CN110797031A

CN110797031A - Voice change detection method, system, mobile terminal and storage medium

Info

Publication number: CN110797031A
Application number: CN201910888401.8A
Authority: CN
Inventors: 陈文敏; 肖龙源; 李稀敏; 蔡振华; 刘晓葳; 王静
Original assignee: Xiamen Kuaishangtong Technology Co Ltd
Current assignee: Xiamen Kuaishangtong Technology Co Ltd
Priority date: 2019-09-19
Filing date: 2019-09-19
Publication date: 2020-02-14

Abstract

The invention is suitable for the technical field of automatic speaker verification, and provides a voice inflection detection method, a system, a mobile terminal and a storage medium, wherein the method comprises the following steps: acquiring sample voice data, and performing feature extraction on the sample voice data to obtain cqt voice features; cqt voice features are optimized to obtain cqcc voice features, and the cqcc voice features are input into a preset convolutional neural network for model training to obtain a voice detection model; and acquiring the voice to be detected, inputting the voice to be detected into the voice detection model for voice analysis, and performing inflexion judgment on the voice to be detected according to the analysis result of the voice detection model. According to the method, manual feature selection is not needed, model training is performed in a convolutional neural network-based mode, the accuracy of subsequent inflexion detection on the voice to be detected is improved, and the resolution of a voice detection model is improved through extraction and optimization based on cqt features.

Description

Voice change detection method, system, mobile terminal and storage medium

Technical Field

The invention belongs to the technical field of automatic speaker verification, and particularly relates to a voice inflection detection method, a system, a mobile terminal and a storage medium.

Background

Automatic Speaker Verification (ASV) technology has matured to become a low-cost, reliable method of identity verification and identification. However, just like all biometric patterns, this technique may be attacked by some fraudulent speech, such as replay speech, inflexion speech, synthetic speech, etc. The intention of using these types of speech is to impersonate other enrollees and then breach the verification system, thereby performing some illegal operations, and therefore, the inflexion detection step of the speech to be detected is particularly important in the use of ASV technology.

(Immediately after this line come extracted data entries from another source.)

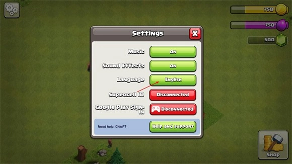 进入游戏完成新手教程后,点击右下角的齿轮图标,接着点击supercell ID区域显示的“已断开”选项。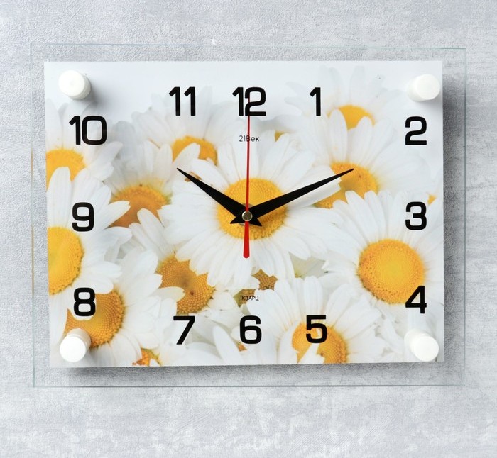 Настенные часы прямоугольные "Ромашки" 20*26 см бесшумные 2267864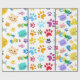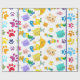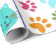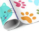 Un motif de dessins animés dynamique et ludique avec un éventail de visages de chat colorés, d'empreintes de pattes et d'éléments de texte ludiques. Les visages du chat sont représentés dans différentes couleurs, comme le jaune, le bleu, le violet et la pêche, chacune avec des expressions et des caractéristiques distinctes comme les whiskies, les yeux ronds et les petits nez. Les visages du chat sont entrecoupés d'empreintes de pattes dans un arc-en-ciel de couleurs comme le bleu, l'orange, le rouge, le violet et le vert, ajoutant à la nature fantaisiste du design. Les mots "MEOW!" et "PURRR" sont éparpillés dans tout le motif en caractères gras et caricaturaux, rehaussant le thème globalement ludique. L'arrière - plan est un blanc propre, qui permet aux éléments colorés de pop et crée une expérience visuelle joyeuse et engageante.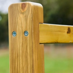 Der massive Holzrahmen mit Metallverbindern sorgt für hohe Stabilität und lange Lebensdauer, auch bei Nutzung im Freien.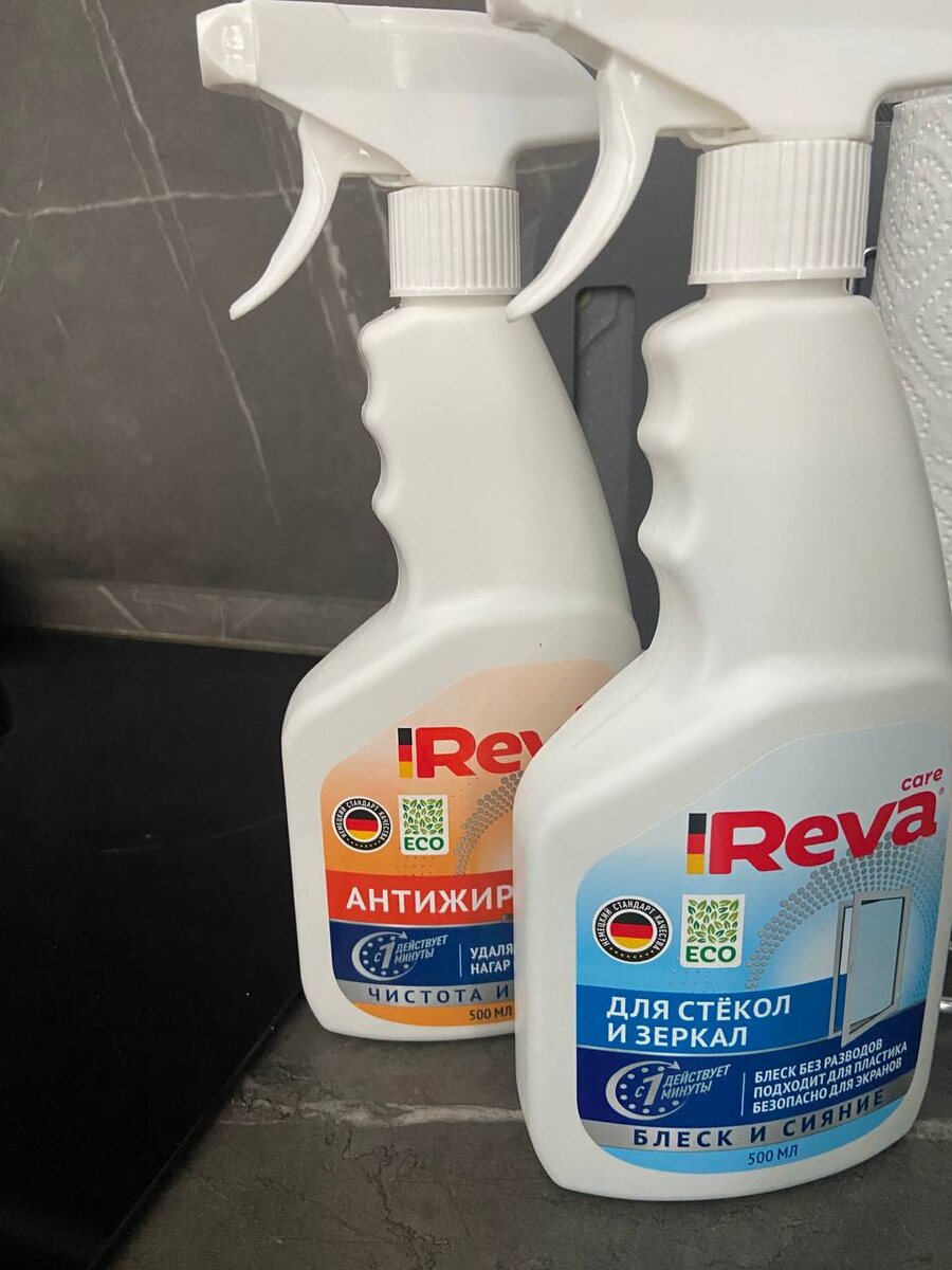 Делюсь сразу двумя находками-бомбами одной линейки в виде спрея, которые нашла на ВБ. 🪞 С маленькими пальчиками, которые магически появляются каждый день (особенно, едва я вымою зеркала), теперь помогает бороться средство Reva Care для зеркал и стёкол — моё свежее открытие. Хорошо распыляет, не растекается по всему зеркалу, отлично смывает следы и потёки с зеркала, не оставляет разводов. Потеплеет, и на окнах опробую. 😄 Взяла со скидкой, артикул 32749124. 🥞Ну а второй новый помощник проявил себя на этой неделе, когда блины жарятся (и поедаются) со скоростью света.😁 Reva Care "Антижир" быстро удаляет любые загрязнения, даже старый жир и следы готовки. Универсальный, подходит практически под любую поверхность (нашу электрическую им можно мыть). Заодно отмыла духовку и микроволновку, хорошо, что кухня маленькая, а то отмывала бы до сих пор.😁 😄Сейчас на ВБ на него приятная цена, артикул: 32753167. #обзор_покупки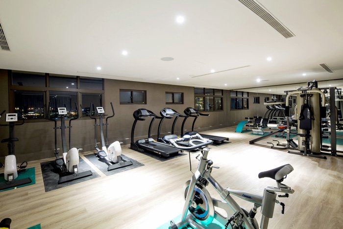 在休閒中心另一邊,則有健身房,若在健身房內跑步,透過窗戶還可以遠眺新竹市景風貌。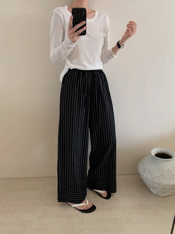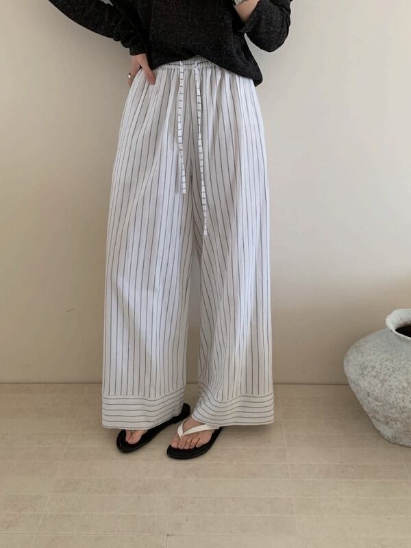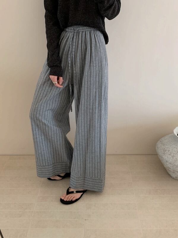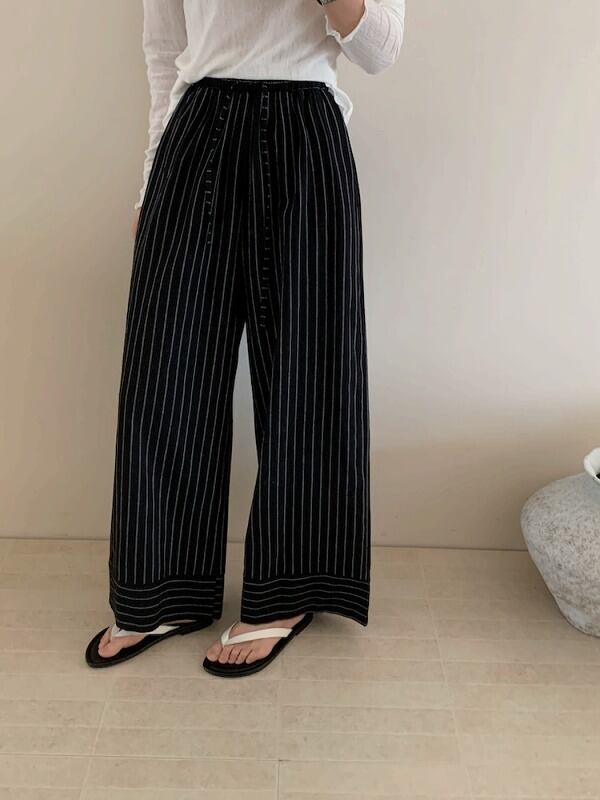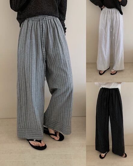 全3色 ワイド バギーパンツ 切り替え バイカラー 体型カバー 着痩せ ストライプ柄 シンプル カジュアル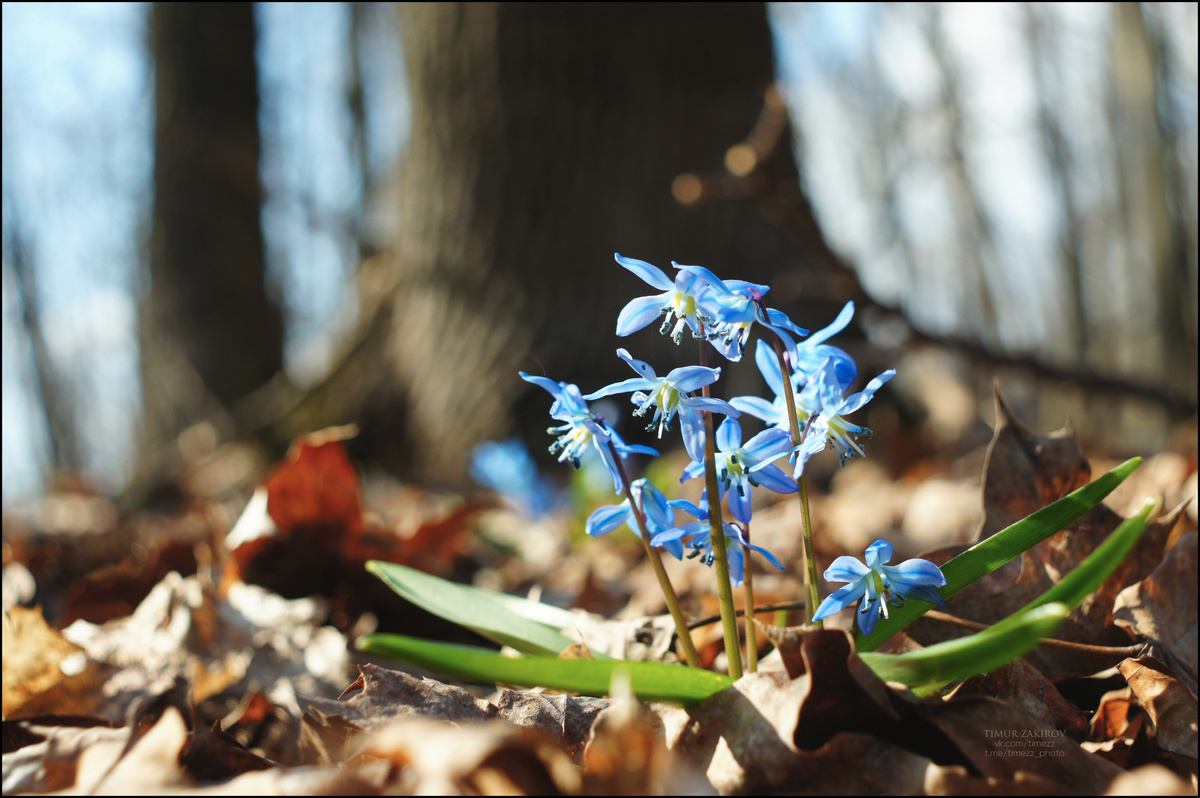 В этом году, похоже, не будет традиционного синего ковра. Немного страшно, что многие растения погибли этой зимой, и синего ковра не будет не только в этом году. Остается надеяться, что нет только эффекта обильного цветения, потому что цветы расцветают не одновременно, и растянувшись по времени, текущее поколение обеспечит ковер на следующий год. А пока я выгадал день, когда солнце приятно пригревало спину, и поснимал одиночек. Надо ж как зажрался, ковра нету мол, цветов мало мол, фу. Хорошо что они вообще есть. Даже оригинально как-то. Захотелось солнышка поймать прямо в кадр. Блики натуральные - это характерное поведение Мир 1В в контровом свете. Эти кадры я, вроде бы, не собираюсь публиковать в других местах отдельным постом, как будто хватит и остальных. Но как часть статьи здесь добавлю Пролеска сибиркая (Scilla siberica) в Воронежской Нагорной дубраве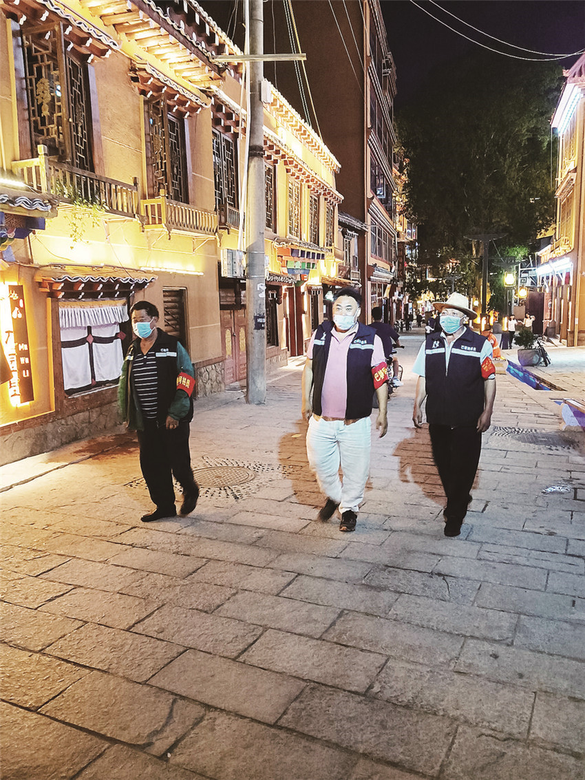巴塘縣網(wǎng)格員夏孟云和同事們開(kāi)展夜間巡邏。

The existing voice inflection detection methods need manual sound wave feature selection, and correspondingly perform inflection judgment on voice to be detected in a sound wave matching mode, namely, the voice to be detected is subjected to ripple matching with preset sound waves through selection based on the manual sound wave features, so that an inflection judgment result is obtained, but the voice inflection detection efficiency is low due to the sound wave matching mode selected based on the manual features, and the accuracy is poor.

Disclosure of Invention

The embodiment of the invention aims to provide a voice inflection detection method, a system, a mobile terminal and a storage medium, and aims to solve the problems of low detection efficiency and poor detection accuracy caused by the fact that an acoustic wave matching mode is adopted for inflection judgment in the existing voice inflection detection process.

The embodiment of the invention is realized in such a way that a voice inflection detection method comprises the following steps:

acquiring sample voice data, and performing feature extraction on the sample voice data to obtain cqt voice features, wherein the sample voice data comprises positive sample data and negative sample data;

optimizing the cqt voice features to obtain cqcc voice features, and inputting the cqcc voice features to a preset convolutional neural network for model training to obtain a voice detection model;

and acquiring the voice to be detected, inputting the voice to be detected into the voice detection model for voice analysis, and performing inflexion judgment on the voice to be detected according to the analysis result of the voice detection model.

Further, the step of optimizing the cqt voice features comprises:

carrying out rate spectrum conversion on the cqt voice features to obtain a voice power spectrum, and acquiring the logarithm of the voice power spectrum;

and resampling is carried out according to the logarithm acquisition result of the voice power spectrum, and discrete cosine transform is carried out after resampling, so as to obtain the cqcc voice feature.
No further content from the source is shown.